Experts Discuss Energy Policy at 5th Sawyer Seminar

Prof. Michael Caramanis
Prof. Michael Caramanis

On Friday, January 28 2011, The Frederick S. Pardee Center for the Study of the Longer-Range Future and the BU Department of Geography and Environment convened for the first of the Spring 2011 John Sawyer Seminars on Energy and Society. The session, entitled Energy Policy, featured Paul Sabin and Robert Lifset and was moderated by Michael Caramanis.

Prof. Paul Sabin
Prof. Paul Sabin

Paul Sabin, Assistant Professor of Environmental History at Yale University, began the conversation by focusing on the role of crisis in bringing change to the American energy system between 1965 and 1980. He noted that the years following the 1969 Santa Barbara oil spill and the 1973 oil embargo saw significant change in United States oil policy, such as the reduction of tax subsidies for oil production, the pursuit of fuel economy and efficiency requirements, as well as the tightening of environmental regulations and further restrictions on offshore oil drilling. However, looking back at the 1970s more than thirty years later, he concluded that these policy changes appear to have only modestly altered American patterns of energy use.

Prof. Robert Lifset
Prof. Robert Lifset

Robert Lifset is the Donald Keith Jones Assistant Professor of Honors at Oklahoma University and the founding web and list editor of H-Energy. His presentation focused on the fate of energy conservation policy first advanced in the 1970’s, and particularly EPCA’s mandatory fuel economy standards for new cars and small trucks after the 1977 model year. This study, he concluded, reveals that the choices we make regarding energy production technologies as well as efforts to address consumption, are highly politicized, and thus that energy policy demands a political roadmap.

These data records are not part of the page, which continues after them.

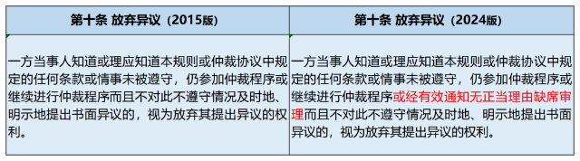 2024版新规第十条规定,如果当事人一方经有效通知缺席审理且不提出书面异议,视为放弃对仲裁协议或仲裁规则未被遵守而提出异议的权利。我们理解,该规则体现了诚实信用原则,一旦当事人构成放弃异议的情形,便难以在撤裁程序中主张不存在仲裁协议或仲裁规则未被遵守。
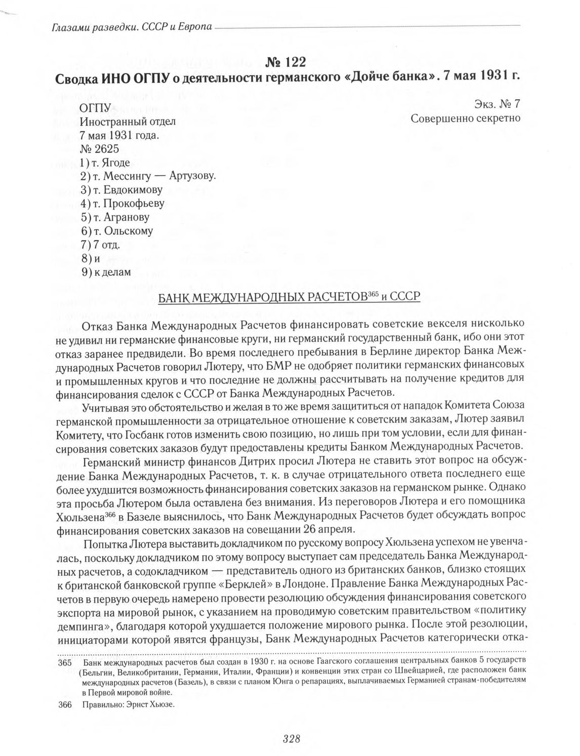 Сводка ИНО ОГПУ о деятельности германского «Дойче банка». 7 мая 1931 г. // ЦА ФСБ РФ. Ф. 2. Оп. 9. Д. 861. Л. 7-8. Копия.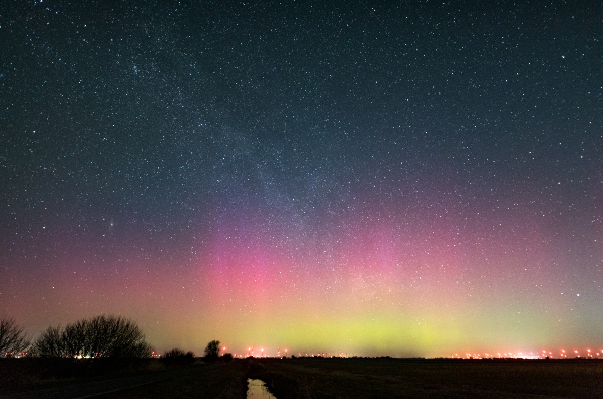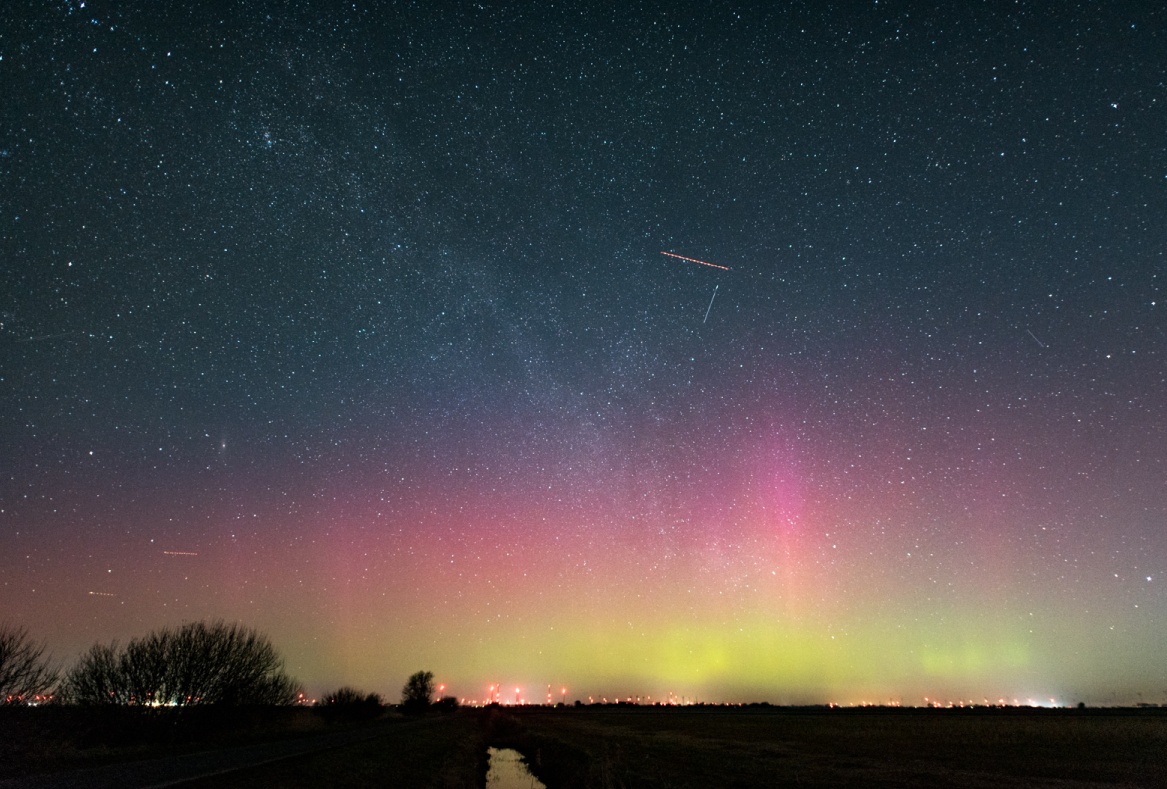 Auch an der priv. Wetterstation Süderlügum gab es ein deutliches fotografisches Polarlicht zu sehen. Die Beamer hatten eine geschätzte Höch von ca 60° übern Horizont.

Following the presentations the audience engaged in a lively discussion with the panelists. Some of the issues discussed included the need to differentiate between energy policy and oil policy, the role of the pricing system as incentive for innovations in energy policy, and the significance of climate change as an important driver for thinking energy transitions. Professor Najam, director of the Pardee Center, concluded the Q&A session by highlighting that as move to a world where nations such as China and India have developed “energy muscle,” the U.S. might be more of a policy taker than a policy maker. He added that discourse of “foreign oil dependence” shifts the energy responsibility from domestic consumption to global, and hence uncontrollable geopolitics.

The interdisciplinary seminar series will continue throughout the spring semester and will bring together leadings scholars to discuss various aspects of how energy transitions are themselves socially constituted and how they have, and are likely to, impact society. The second seminar, entitled The Role of Energy in Avoiding Collapse, will be held on Friday, February 25.